In the Memory Profiler, there's the "All of memory" category, which has a search bar. If I type "leaked managed shell", then I get multiple types of items inside "Managed -> Managed Objects". For the Allocated Size, it was writing 5 MB, but after I cleared up around 4-5 leaking static data structures, dictionaries, lists, etc., I only have around 500 KB in here.
I made multiple snapshots in the same game area, at around 0 minute and at around 10 minute. Unfortunately I made the first snapshots in Unity Editor (because of the horribly long building times), but I had around 250 MB memory increase during the 10 minute gameplay period.
Then I made the clearing, I made a build and I measured again inside a build.
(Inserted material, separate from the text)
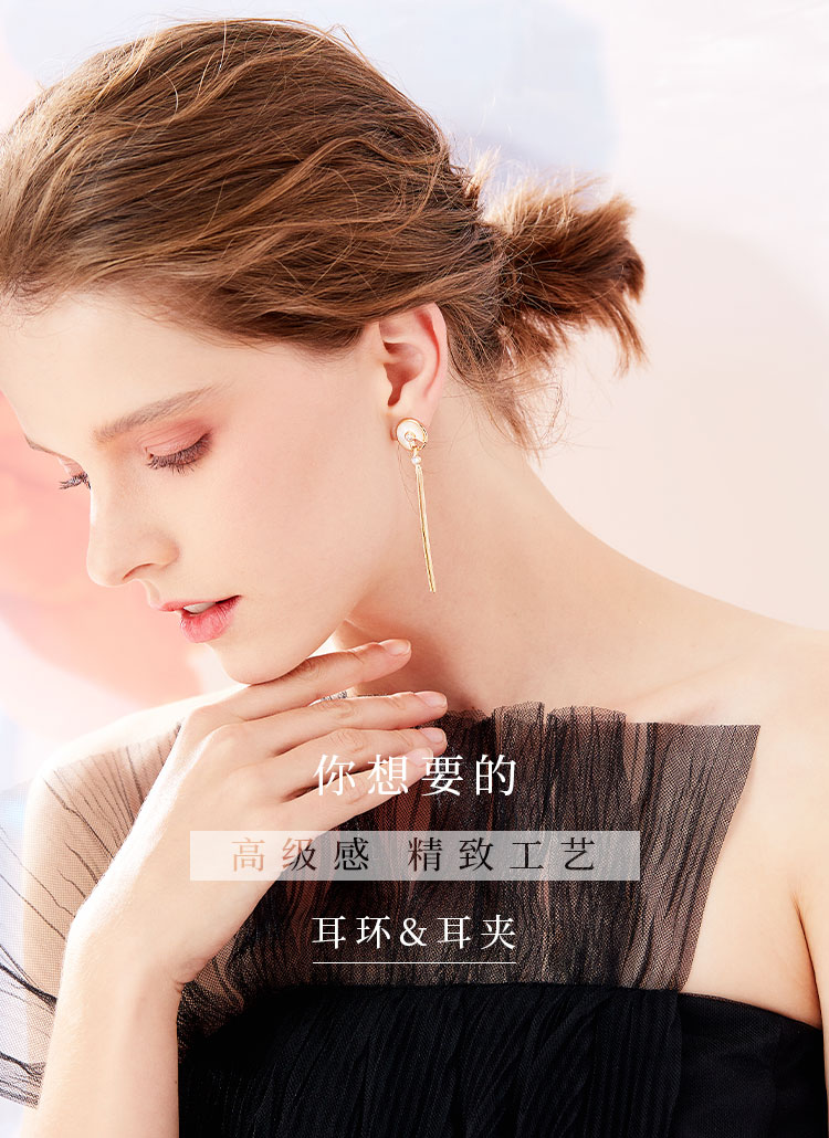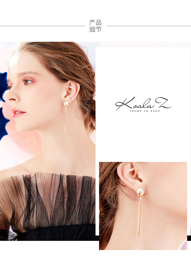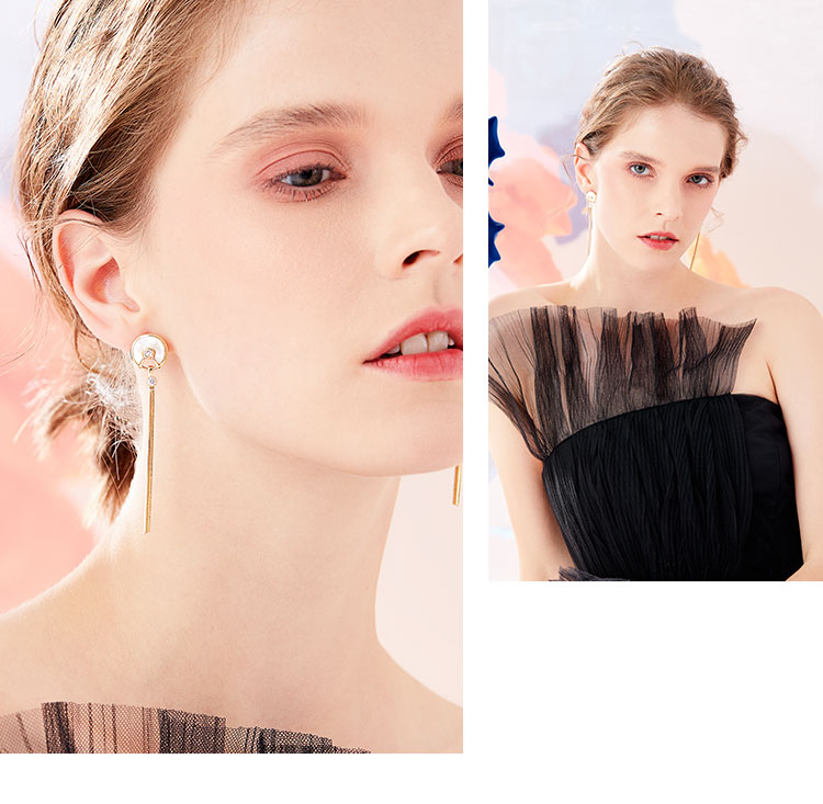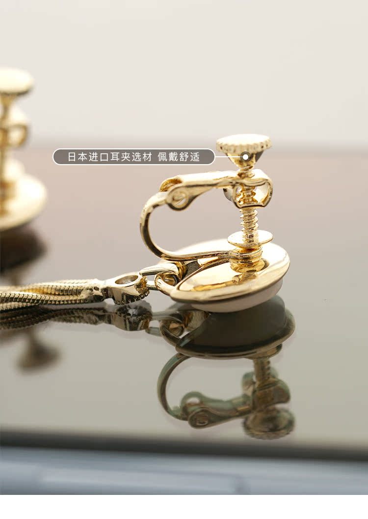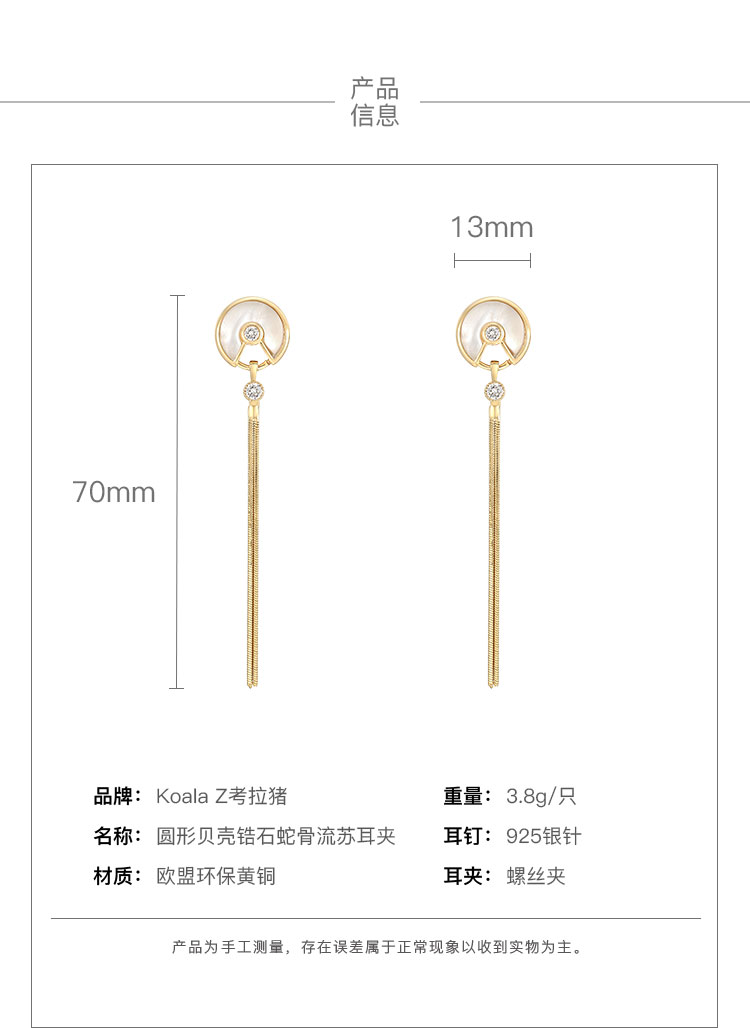 气质护身符 精致镜面贝壳锆石长款蛇骨流苏耳环无耳洞耳夹女百搭

The memory increase during the 10 minute gameplay period got only 100 MB.
Unfortunately I'm not sure if it was caused by the clearing of leaked managed shells or it was because of the differences between editor and build snapshots, I had no time to shelve/stash the clearings and make a new build again and do 10 minute gameplay again to measure the exact same area of the game.

But my question is, could the clearing up of those leaked managed shell elements (taking up 5 MB summarized size) cause that huge change in the decreasing of the memory consumption gain? Would it worth to clear up the left 500 KB leaked managed shells?

bright echo
# heady shore I have a very short time to deal with this. This is why I'm asking. In the Memo...

It's hard to say anything without looking at the profiler data.
It could be that these 5mb worth of managed objects were referencing some other objects that actually consume more memory and preventing them from being collected by the GC or unloaded on another occasion( like a scene load). So, when you cleared them up a lot of other stuff got cleared as well.
It could also very much be that the cleared up 100-250mb mostly consists of editor or dev/debug build only stuff. It's really hard to say anything without proper investigation.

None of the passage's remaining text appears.